Note: The rest of the post addresses a lot of abstract concepts, and I'm terrible at explaining myself. If you feel like this post would benefit from more examples, or needs some editing, let me know and I will add them or change it.
The Holistic approach.
What do I mean by "Holistic approach"? Holism is described as the idea that natural systems should be seen and studied as a whole and not as a collection of their parts. The underlying principle is that the whole is not just equal to the sum of its parts.
This is mainly a top to bottom approach when dealing with solving the issue.
When we normally take this approach, what usually happens is that you tend to focus on solving the problem at hand directly instead of the sub problems.

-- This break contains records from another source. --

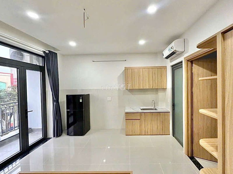 -Nội Thất: ban công riêng, cửa sổ lớn. Giường, hệ tủ bếp trên - dưới, tủ lạnh và hệ thống đèn LED âm trần.
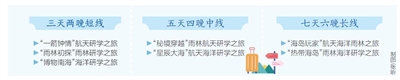 “我们经过企业推送、市场检验、专家研判等流程,针对亲子家庭、青春学子、中小学毕业生以及时尚青年等不同客群,定制了这次的7条旅游线路。”省旅游与文化广电体育厅相关负责人表示,未来,海南还将积极推动研学旅游与免税购物、康养度假、赛事会展等多个领域的深度融合,让海南研学旅游从暑期经济转型到四季研学,为全球青少年提供更多元化的研学体验。
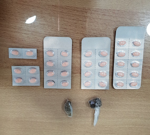 μικροποσότητες ηρωίνης και κάνναβης, -32- ναρκωτικά δισκία, -4- μαχαίρια, -3- φορητοί πομποδέκτες και -1- βάση ασυρμάτου στην Κορινθία και
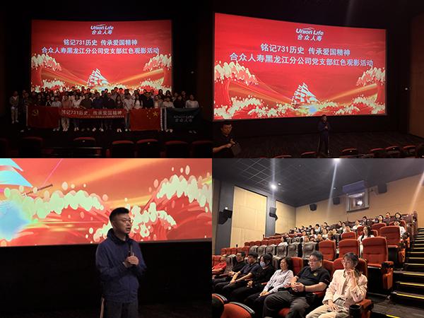為深切緬懷革命先輩,大力弘揚愛國主義精神,進(jìn)一步增強全體人員的歷史責(zé)任感與崗位擔(dān)當(dāng)意識,合眾人壽黑龍江分公司黨支部組織開展“銘記731歷史,傳承愛國精神”紅色觀影活動。在黨支部書記的帶領(lǐng)下,分公司黨員、入黨積極分子、內(nèi)勤全體員工及個險/銀保/收展渠道外勤黨員共同參與,通過觀看歷史題材影片《731》,重溫那段刻骨銘心的歷史。
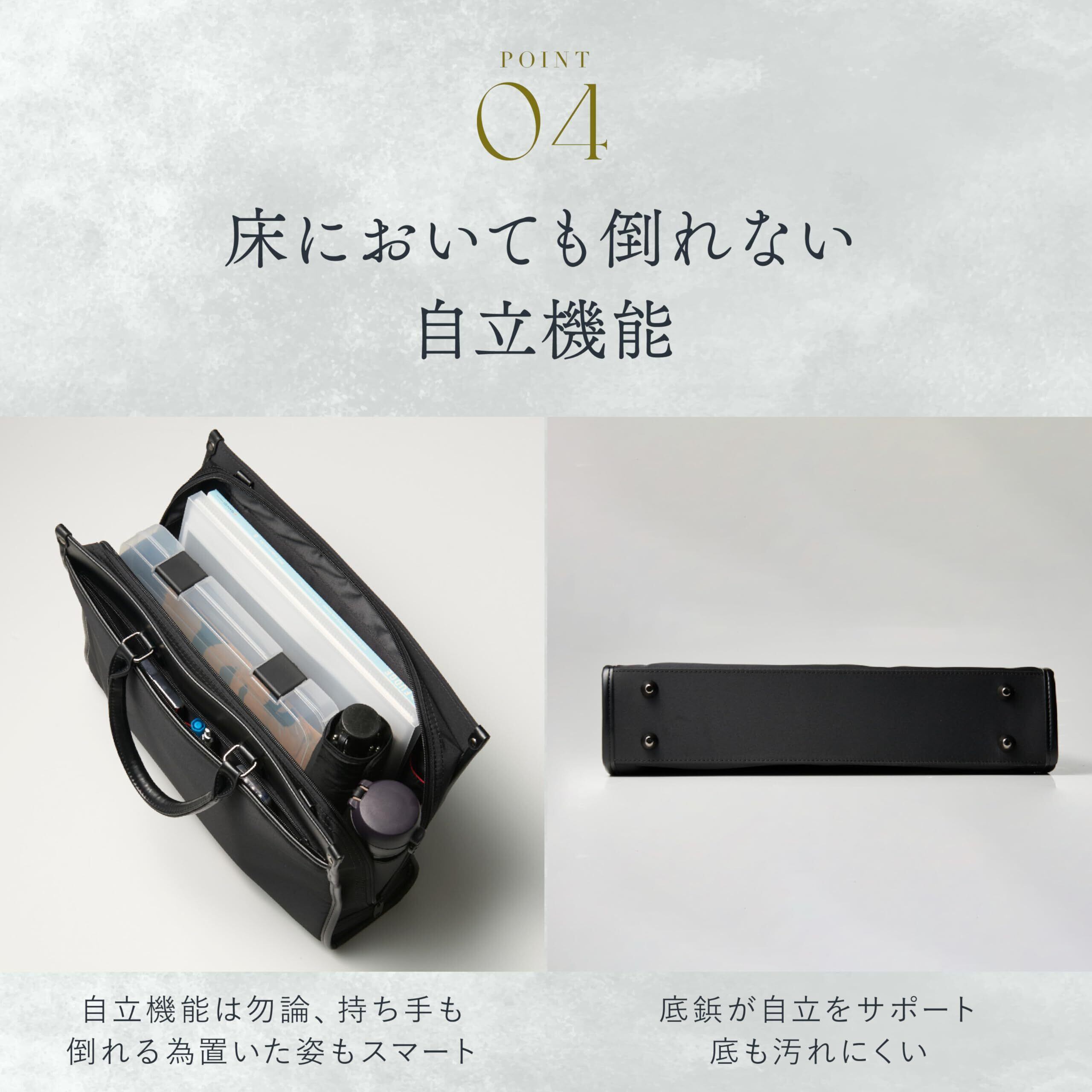 1. 第一印象で差がつく、洗練デザイン スーツに自然に馴染む上品でスマートなフォルム。シンプルながら品格のある外観が、就活や初出社の場面で好印象を与えます。リクルートバッグとしても、ビジネスバッグとしても長く愛用できるデザインです。
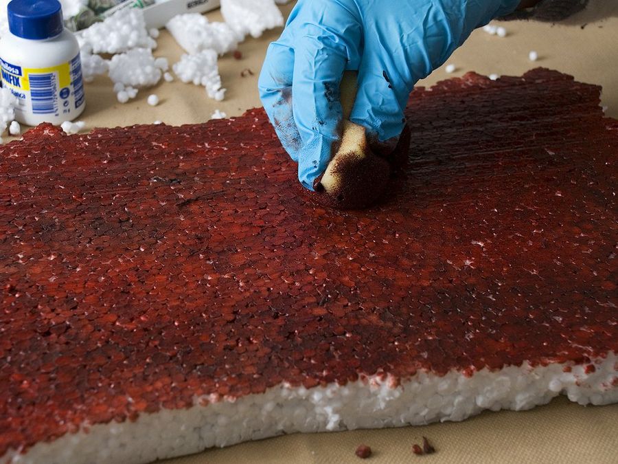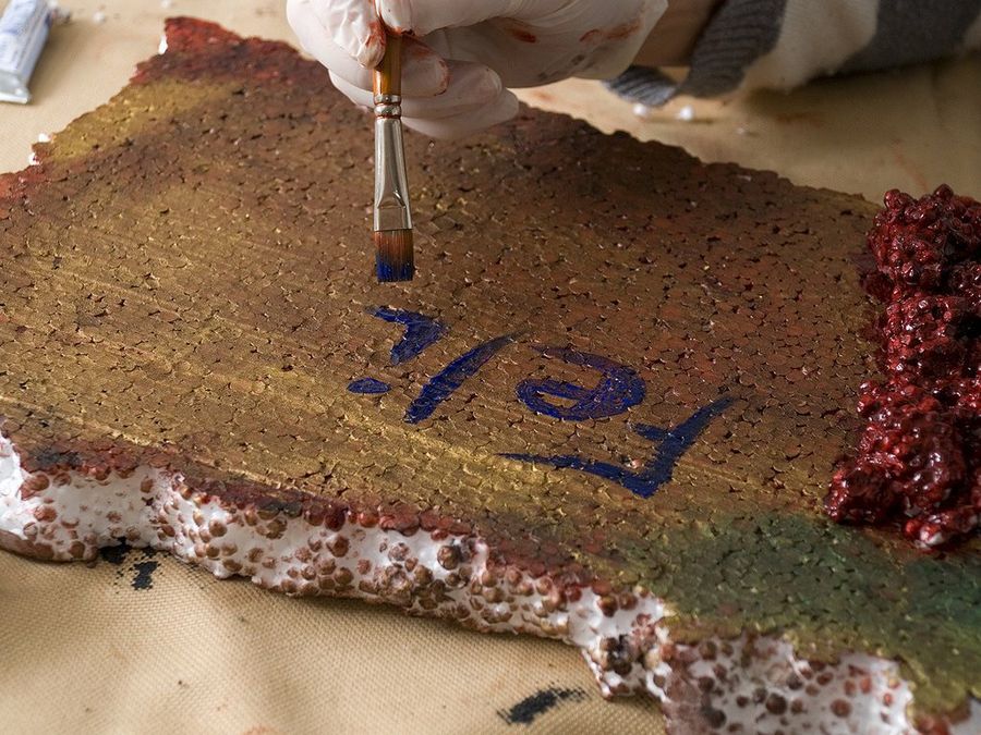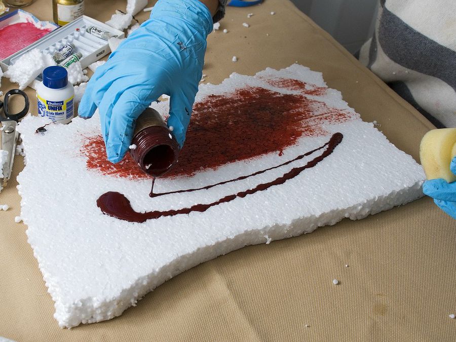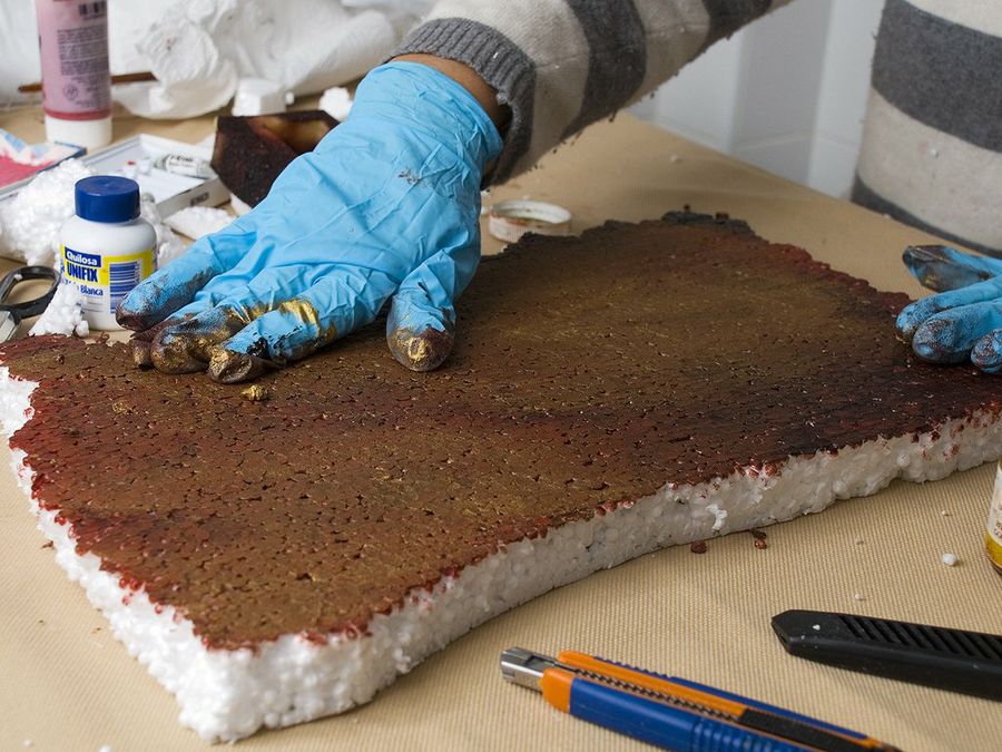 Hemos troceado la plancha con las manos, para conseguir un efecto artesanal muy atractivo. Guardaremos los pedazos menudos que se han desprendido, porque más adelante serán parte protagonista de nuestro diseño. Comenzamos vertiendo directamente sobre el corcho dos pátinas al aceite, de colores rojo y gris. Nos hemos puesto unos guantes de nitrilo que protegen la piel de cualquier irritación.
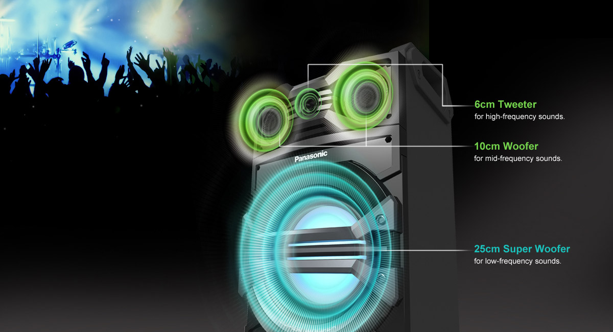 Clear, dynamic sound with a 25cm Super Woofer and Triple Amplifiers. This one-box mini system is all you need for indoor or outdoor use.
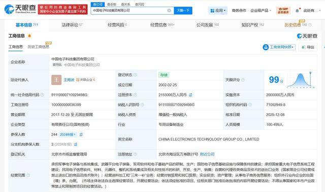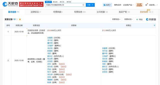 天眼查App显示,近日,中国电子科技集团有限公司发生工商变更,注册资本由200亿人民币增至215.3亿,增幅约7.7%,同时,多位主要人员发生变更。
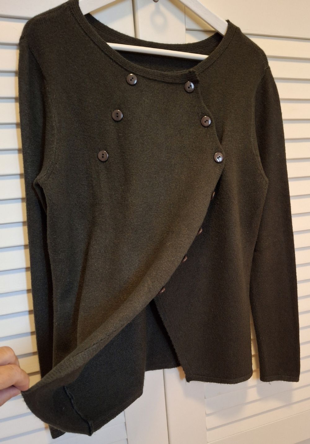 Bel modello a doppio petto chiuso con bottoni nella parte alta, gli altri bottoni sono solo decorativi.

With this approach you think of things like: outputting all prime numbers in the sequence of the n first natural numbers starting at 2, instead of thinking first of solving how to finding out if a given number is prime or not, or outputting all numbers which satisfy a condition to the screen.
What I have seen is that since you tend to focus on the functionality and results of the principal issue instead of the sub problems, you get results that you can use faster. Most of the time they are partial or incomplete results, but the bottom line is you get more "deliverable" value from the start. Things like: I can create a user, but the process doesn't check all fields that need to be validated, etc.
However, as a side effect, what usually happens is that one tends to add "extras" to the code to help him test. I am talking about things like object properties to inspect inner state in your unit tests, having virtual methods that could be marked as final because you need to override them to test, etc.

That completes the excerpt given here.